I will investigate the poems Transformation,
Creation and Awakening. This
consideration of Marx’s early poems will also provide the avenue for
re-thinking the meaning of his later works.
In this sense, we can, in the
spirit of Reiner Schürmann[xiv]
read Marx backward in a desire to come to grips with the root of his
affirmation. Yet, differing from the
reading the works of Heidegger, we must read Marx forwards, and then
backwards, in a circle, as it were, so as to attempt to cast into relief not only
Marx's own consistent existential and social eqos,
but also his affirmation of revolution
as an event amidst this finite moment.
Chapter 1:
Into the Breach – the Meaning of “Marx”
Before we can begin to grapple with our question of the
“relation” of Marx and the sacred, we must undertake a more preliminary
investigation of the meaning of Marx. This philological problem
that stands in our face is the question of the various – and often mutually
exclusive - interpretations of the very topoς of Marx. On its face, such diversity of interpretation
should indeed be encouraged. Yet, in
many instances, interpretation has been over-determined by “political”

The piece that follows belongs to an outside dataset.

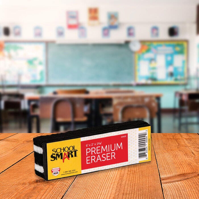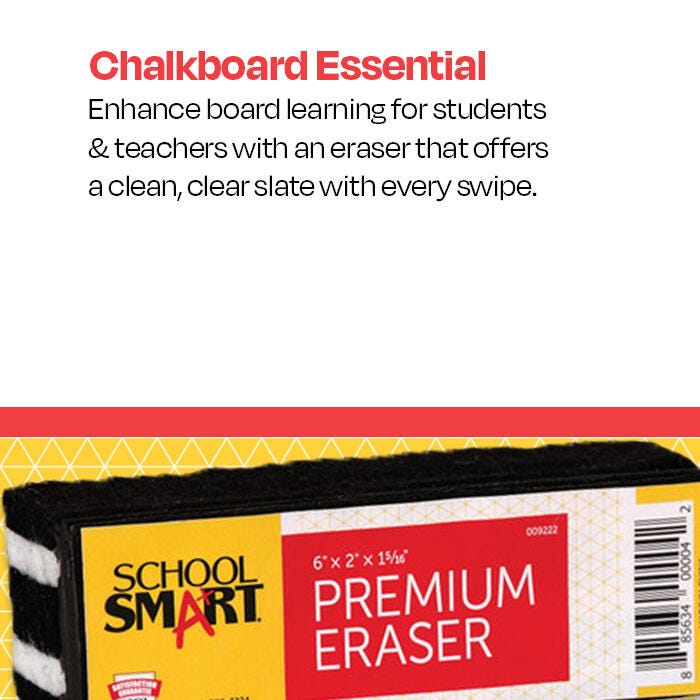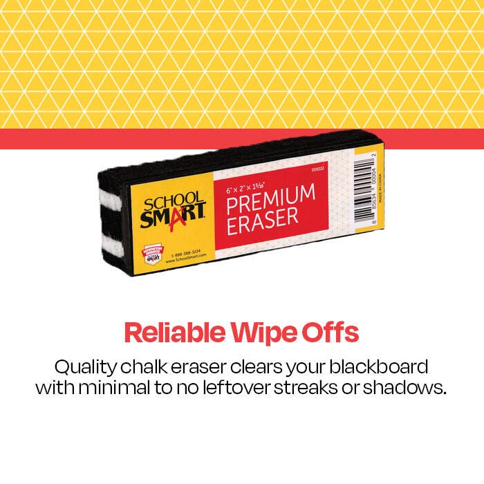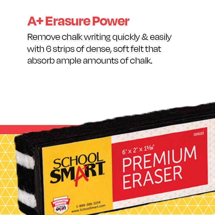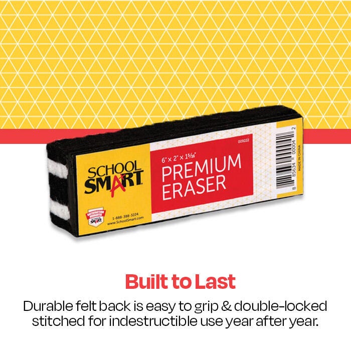The long-lasting School Smart Premium Felt Chalkboard Eraser, measuring 6 x 2 x 1-5/16 inches, takes the stress out of cleaning chalk off of boards. The felt eraser features six strips of quality black and white erasing felt that are dual-sewn with strong nylon thread to a rigid inner felt back. This construction lends itself to quick and efficient eraser power. The felt back is laminated and double lock-stitched creating a full 7/16-inch thick, unbreakable base, built to last. Level up your classroom supplies this season with a premium felt eraser from School Smart!

exigency. Like a contortionist, Marx has
been forced into one posture after another in order to justify a specific
political program. Of course, this is no
surprise as Marx himself was a highly political and politicised thinker. However, as “politics” concerns not necessarily
truth, but mere power and strategy, we will be careful not to allow
“Marx” to be manufactured as just another ideology. There must be an attempt to remain faithful
to the texts and life of Marx so as to disclose the meaning of his work beyond
the fleeting projections of political expediency.[xv] There is no “Marx” an sich, there for
our immediate reckoning – there is no “agreed framework”. Amidst a vast topography of interpretation,
we can apprehend many variants of the formal indicator “Marx”. Yet, it would seem possible to allow the
texts to speak for themselves – in the first instance, through a consideration
of all of Marx’s corpus as a whole.
Such contortions and renderings took place in Marx’s own
lifetime. One need only recall the
well-known anecdote of his dissension at a meeting of the Second International,
in which he declared, in response to a particular interpretation of his
political economic theories, that he was not a Marxist. The question of the meaning of Marx continued
in the theoretical controversies – especially those concerning Capital –
in the formation of the Third International between Lenin, Rosa Luxemburg,
Hilferding and others. A more recent
controversy concerns the status of his early writings, such as the Economic
and Philosophical Manuscripts (1844).
This controversy however is unique.[xvi]
Unlike the earlier theoretico-political disputations which concerned the
interpretation of available texts, such as the drafts of Capital, this
controversy is a contestation over the very texts which may be included
in the relevant opus of Marx. This
dispute is a struggle between two of the most dominant tendencies in Marx
interpretation since 1932. It concerns a
decision on the part of the interpreter upon the relevance of Marx’s earlier
works, many of which were unpublished.
It was not until this year that Marx’s early writings began to be
published, including the Economic and Philosophical Manuscripts, his
Dissertation on the differences between Epicurus and
Democritus, his critique of Hegel’s doctrine of the state, his poetry,
etc. All of these texts are forcefully
suppressed by Althusser. Yet, we ask -
why?
It may be significant that none of the earliest Communist
thinkers ever read these earlier texts – although it will be argued that no
book is a prerequisite for the event of revolutionary praxiς. Yet, it is certain that, with the publication
of these works, many party-affiliated “communist” intellectuals dismissed the
libertarian sentiments and philosophical concerns of these works as
pre-scientific and idealist. Indeed,
such an opinion held sway as later interpreters such as Althusser declared
Marx’s early writings irrelevant to that which should be deemed as his true
achievement – a science of history. For
Althusser, the early writings are too close in affiliation with Hegelian and
post-Hegelian idealism and thus do not achieve the level of science. For Althusser, and the many who follow this
view,[xvii]
Marx had undertaken an “epistemological break” in his displacement of
philosophy by scientific materialism. In
this way, Althusser represents the variant of “Marx” interpretation which
posits a discontinuity in his work – he is a “discontinuity theorist”. On the other side of this great divide are
those who have emphasized the significance of Marx’s early studies of
alienation and his libertarian vision of communist revolution. Such thinkers, such as Ollman,[xviii]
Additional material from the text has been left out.